- _The data_
+ + +

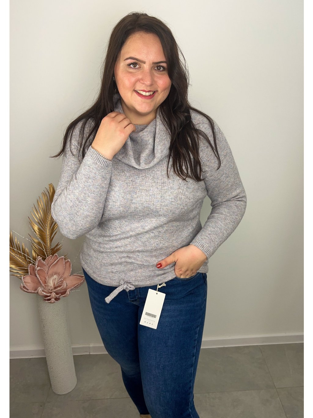 Jemný svetrík s voľným golierom, ktorý pôsobí žensky a štýlovo. Spodnú časť si môžete stiahnuť šnúrkou pre ideálne prispôsobenie postave.
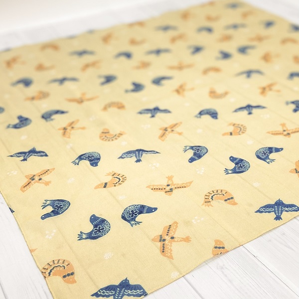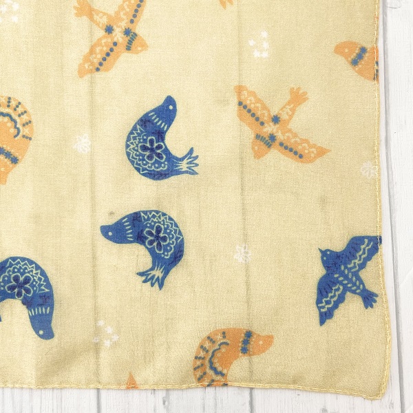 【クスス雑貨 スカーフ 綿100% バードブリント 北欧 カントリー ナチュラル プリント イエロー 70cm×70cm KS024】
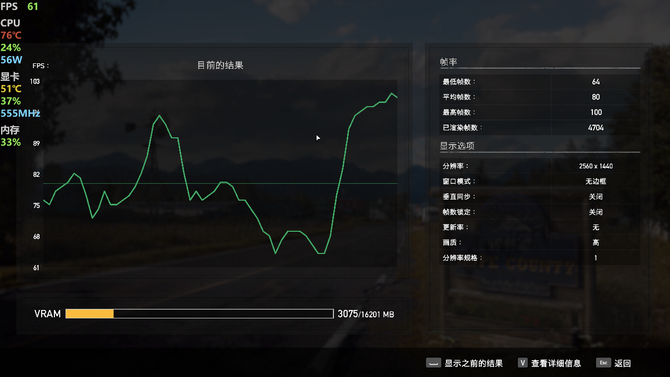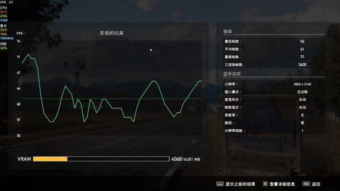 孤岛惊魂5游戏测试,最终2K分辨率下,游戏帧数为80,4K分辨率下游戏帧数为61,达到绝对流畅的运行标准,性能表现非常出色。

+ + +

- _Required action_
Skip the pictures, then retype every line above exactly.

- _Reply_
 Jemný svetrík s voľným golierom, ktorý pôsobí žensky a štýlovo. Spodnú časť si môžete stiahnuť šnúrkou pre ideálne prispôsobenie postave.
 【クスス雑貨 スカーフ 綿100% バードブリント 北欧 カントリー ナチュラル プリント イエロー 70cm×70cm KS024】
 孤岛惊魂5游戏测试,最终2K分辨率下,游戏帧数为80,4K分辨率下游戏帧数为61,达到绝对流畅的运行标准,性能表现非常出色。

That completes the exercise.